Weekly Update

Machine Learning, in Redmond and beyond

After the US independence day holiday this past Friday, it’s been a slow news week. So I wanted to focus on a specific topic in this week’s update: predictive analytics/machine learning, which is presenting itself as the next “it” thing in the Big Data world.

A bunch of companies are in this market, with new ones just coming online. Perhaps more important, existing BI companies, like Pentaho, are getting into the game. And remember, machine learning has been around for a long time, since the days when it was called Data Mining. Veteran players, like MicroStrategy and Microsoft, have been on the scene for a while. And companies like SAS have long specialized in this arena.

Microsoft’s position in Machine Learning is an interesting one to observe, for a few reasons. First, one of the few press releases I received this week relates to Microsoft’s Machine Learning story; another is that I personally have been working with Microsoft’s Data Mining technology for quite some time. I guess you could say I’ve seen this movie before. Or at least I’ve seen the prequel.

Ahead of its time
Microsoft added machine learning capabilities to its flagship BI engine, SQL Server Analysis Services, all the way back in 1999, when it released SQL Server 2000. That first release was a so-so offering at best, but SQL Server Data Mining became much more robust the next time around, with the release of SQL Server 2005. Many of the same Machine Learning algorithms used by predictive analytics products today were readily accessible to DBAs and developers back then, and Microsoft even introduced an extension to SQL with which to perform predictive queries against the models generated by the product.

After the release of Excel 2007, the SQL Server Data Mining team introduced Excel add-ins for the data mining engine that made it more accessible to business users. I delivered a conference session on SQL DM soon after, and my recollection is that about 10 people came. Maybe news of that got back to Microsoft, because they stopped investing in the product. In other words, the core engine hasn’t changed much in almost a decade.

Data Mining redux
But last month, Microsoft announced its new, cloud-based Azure Machine Learning (Azure ML) product. The service, which is scheduled to go into public preview soon [update: Microsoft has announced that the Azure ML preview will begin on Monday, July 14th, as its Worldwide Partner Conference kicks off], allows users to upload data sets, then build models around them. When models are finalized, they can be put into production, which exposes a Web application programming interface (API) around them.

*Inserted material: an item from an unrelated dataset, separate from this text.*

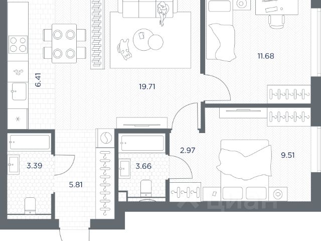 Успейте купить со скидкой 14%! Продается 2-к квартира общей площадью 65.85 м2 с предчистовой отделкой в ЖК премиум-класса ТАТЕ на 16-м этаже 41-этажной башни Б. ТАТЕ — жилой комплекс премиум-класса в историческом районе Марьина Роща на границе СЗАО и ЦАО. Две минималистские башни (41-49 этажей) с панорамными видами на Москву, Инфраструктура: светлые лобби с потолками 6 м, арт-лестница на террасу. Спа, фитнес с бассейном, детские/спортивные площадки. Трехуровневое благоустройство от WOW HOUSE. Доступ в жилой комплекс осуществляется по биометрическому контролю. Преимущества: - Авторский минимализм от ГК "КОРТРОС" (топ-10 RAEX) - Панорамные окна, потолки 3,02-4,5 м - Предчистовая отделка - Лаундж на 39 этаже для резидентов с панорамными видами на Останкино, ВДНХ - 6 скоростных лифтов (45 сек на этаж) - Безбарьерная среда, арт-пространства - Спа/фитнес, бассейн, паркинг с сервисами - Закрытая территория с видеонаблюдением и консьерж-сервисом 24/7 - Подземный паркинг на 545 машиномест с зарядками для электромобилей Транспорт: - 5 мин пешком до МЦД-2 - 5 мин до метро "Марьина Роща" - 15 мин до центра Москвы на автомобиле - 10 мин до ТТК - 20 мин до Москва-Сити

On Monday, I received a press release from analytics company Versium, which has launched a donor management-relevant predictive analytics system, built around Azure ML. The service, called Predictive GivingScore, is designed for charities and fundraising groups and lets them answer questions such as:

Who is more likely to donate?  Will they likely be a high or repeat donor? Which of my existing donors are most likely to donate again and who is likely to make a greater contribution?”

As it turns out, Versium is located in Redmond, WA, though in a different part of town than Microsoft’s corporate campus. Versium names two organizations, the Millionair Club Charity and Treehouse, as customers, both of whom are across the lake in Seattle proper. Although the Azure ML service may appear to be relegated to the 425 and 206 area codes for now, the potential for a cloud-based predictive analytics service is big, especially from a company that, while most people never knew it, has been in the space for almost 15 years.

Microsoft has a promotional video which shows Azure’s “ML Studio” user interface a few times. Blink and you’ll miss it though, so be ready to hit the pause button or else check out this slide deck for some screen grabs.

Play the field
Microsoft isn’t the only player in the machine learning area, of course. In addition to the aforementioned Pentaho, MicroStrategy and SAS, keep your eyes on companies like BeyondCore, BigML, Context Relevant (whose CEO is a Microsoft alum), RapidMiner, Knime.com, Actian and SkyTree.

But as you do that, keep the Microsoft story in mind: the ML investments started 15 years ago and ended 5 years later with very little customer adoption. Now they’ve started again. What’s different this time, and what is likely to be the same? Is standalone machine learning where it’s at, or do these capabilities need to be more automated in terms of algorithm selection, integrated with BI/data visualization and accessible to business users? Full disclosure: I tend to think the latter, and I wonder how that will play out in the marketplace.